Sunday, October 15, 2023

My First Writing Challenge (#3)


I made these shelves for my daughter. Yes, they were easy and simple,
but it felt good working with wood again. Occasionally, I forget
how much I love working with my hands, building things.


As of late Friday night, this writing challenge, along with this blog. were officially over. Tonight, the former still holds; the latter, not so much. 

Throughout life, we find ourselves on paths that seem too familiar, with no new landmarks, forks, or crossroads. And at times when we desperately require new scenery. Or at least a sign post informing us what is ahead, and how many miles are left. With nothing to guide us, we begin to realize doing the same thing over and over again, expecting different results, is insanity. So, we change things up. Unfortunately, for me, those changes tend to be drastic. Like walking away from projects, dumping ideas, and turning away from people. Now, occasionally, those steps are necessary. The project is no longer necessary or doable. The idea is obsolete, or even destructive. And the person has already written you off, or, worse, toxic. A sudden, sharp break is most effective.

Yet, most of the time, slamming on the breaks, or turning the wheel suddenly towards the right is self-defeating, or even self-destructive. When the road goes ever on without change, and no mile marker to provide a measurement of progress, slowing down, pulling over, and taking a deep breath is the best solution.

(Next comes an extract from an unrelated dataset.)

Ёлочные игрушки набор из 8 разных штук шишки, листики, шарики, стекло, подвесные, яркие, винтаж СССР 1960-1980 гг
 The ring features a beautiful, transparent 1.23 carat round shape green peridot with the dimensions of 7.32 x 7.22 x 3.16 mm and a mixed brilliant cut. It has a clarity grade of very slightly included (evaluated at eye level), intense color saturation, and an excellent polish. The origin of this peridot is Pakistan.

Friday night, I wanted to careen off the road, and give up on writing altogether, swearing off the writing challenge and the blog as failures. Let it all crash and burn in the embankment, then leave the scene of the crash, and walk away. Let others deal with the mess.

My old, immature self would have embraced it--I am not proud of those actions. But I have learned a few lessons since the first leg of my teaching career, and in the past decade. First, the meaning of insanity (see above). Second, how to build habits (hint, through small steps, time and patience, and a few setbacks). Third, when to give up, or change direction (not all the time, nor all at once, and definitely not suddenly and drastically, unless absolutely necessary). Fourth, sucking at things is actually the first step (thank you Adventure Time). Finally, that there is no "finally" (until you die).

After tossing and turning all night Thursday, then embracing an end to my first writing challenge and my blogging late Friday, I found myself waking up from a long, deep, refreshing sleep Saturday morning. That is when I split the difference. I would end one writing project, but not the other. The writing challenge may have been a good idea, but I executed it poorly. I will figure something else out. NaNoWriMo has been helpful and inspiring. I made two good runs at it, last year being the most recent (I think fondly of my first semi-successful attempt--some of the scenes still pop into my head). 

The blogging, well, I do enjoy it, despite not mastering it, yet. Currently, there is no clear purpose and direction for it. The original one has played itself out; it is time to choose a new one. I just need to break a few old habits. Instead of doing all of this without a map or a set of directions, and throwing it all together right before my Sunday deadline, I need to make plans. They have to be explicit, and thorough. And I have to review and edit them regularly.   

Yet, one bad habit stands in the way of everything. 

My fear of initially sucking at doing something (like writing and planning) and enduring a lot of practice, in order to start being sort of good at it. (Thank you, Adventure Time).

So, tonight, after I wrap up this blog post, I am going to sit down and make a few lists. One will contain all the goals I have for myself. Another, the projects I would like to do. A third, habits I need to build, remove, or fix. Now, this is lot, and I don't expect to be exhaustive. Also, I am not going to organize it beyond the three categories. There are better ways to do all this. I have read an entire book about one possibility. But I am not good enough for those more effective frameworks. Right now, the goal is simple and messy: do it, suck at it in the process, but have something tangible to work on down the road, that can be analyzed and improved.       

My hope? Tomorrow, I wake up, review the lists, and start making changes. Then repeat every day. And, along the way, I begin crossing items off. Eventually, these lists will improve, and inspire me to create more. They will also motivate me to focus the more effective and rewarding projects and goals. Finally, I will just feel better overall.    

In the meantime, I will continue blogging, because I am not ready to leave this road. Although my eyesight has worsened in the past few years, I am confident that I see a signpost just on the horizon, where this road disappears. Maybe I can pick up a new pair of glasses, and habits, along the way. After all, the scenery on either sides of the road, has been the same: a thick, shadow-filled forest obscuring all kinds of mysteries. It just might hide an interesting rest stop, a useful store, or a scenic detour. 

I will keep driving, at least a little while longer.